ASD would pay $7.5mil for teachers who opt out of benefits

Recent News — By on May 19, 2010 at 12:30 PM

By Kirsten Adams  
May 19, 2010

A tentative contract between the Anchorage School District and the local teacher’s union mandates the district make monthly insurance contributions for every teacher, regardless of whether they are covered by union insurance.

Jim Lepley, President of the Anchorage Education Association, said around 600 of Anchorage’s 3,800 teachers choose to waive their union insurance every year, and are covered instead by a spouse’s plan or private coverage. The district, however, continues to make insurance payments on their behalf, and Lepley said those funds go towards reducing health costs for other members.

“I don’t want to call it extra money but what we do is divide it up to lower everyone else’s deduction,” Lepley said. “It’s something that always comes up (in negotiations,) why should we pay for people that don’t do it, but that is something that is part of the package and they (the district) have agreed in the contract to pay for every person.”

Eric Tollefsen, Executive Director of Human Resources for ASD, said the estimated cost to the district for AEA members who elected not to accept union coverage was $7.5 million in 2009. While decreases to the 2010-2011 district budget involved cutting 29 budgeted teaching positions, Tollefsen said paying for even the uninsured teachers remained “part of the negotiation.”
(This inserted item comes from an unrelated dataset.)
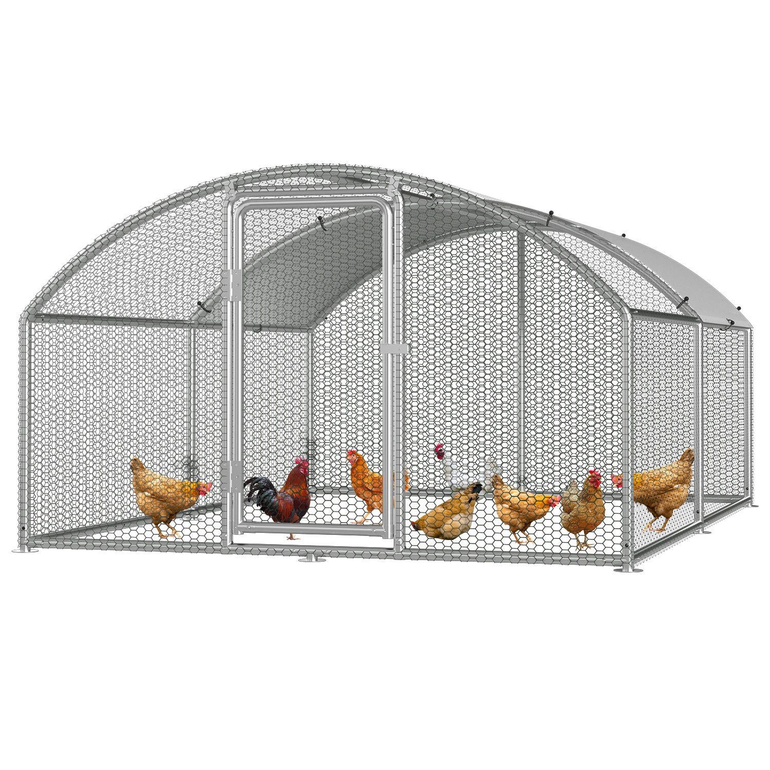 Langlebige Stahlkonstruktion: Hühnerstall Hergestellt aus hochwertigem Stahlrahmen, Abmessungen: 3 x 4 x 2 m (B x T x H), für Geflügel, um freien Raum im Inneren zu haben und einfach zu installieren oder zu demontieren und einfach zu bedienen ist.

“It’s true, it’s what we have negotiated and we certainly have talked about it in negotiations, and it has certainly come up during these negotiations,” Tollefsen said. “It’s a large amount, but if they elect to take coverage we’re still obligated to pay that amount.”
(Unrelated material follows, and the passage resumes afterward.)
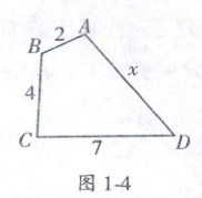 13. (2023 - 2024 学年合肥五十中培优选拔) 如图 1 - 4, $ ABCD $ 是凸四边形, 则 $ x $ 的取值范围是

The district now contributes more than $1,000 per month per  AEA member, Tollefsen said, while the members themselves see around $345 withheld monthly for insurance costs. With the school district funds contributed on behalf of those members not covered, Tollefsen said the district is able to fully fund up to seven months of coverage for those members who are part of the union plan.

Superintendent Carol Comeau said the idea of contributing towards health care costs only for those teachers enrolled in the union plan had come up often during discussions with AEA representatives, but the district was comfortable with paying the additional $7.5 million annually.

The extra monthly payments are sent directly to the National Education Association trust in Alaska, Comeau said, and the trust is responsible for using the funds to reduce premiums for other teachers covered under the plan.

“How the NEA Alaska trust determines how it works for the members who waive their insurance is up to them,” Comeau said. ”It’s part of the negotiations and we agree to a certain amount per employee to go towards health insurance, because some years a teacher may waive it and they may need it for the next year. We’ve talked about it off and on through the years, it’s a back and forth trade and we’re comfortable with it.”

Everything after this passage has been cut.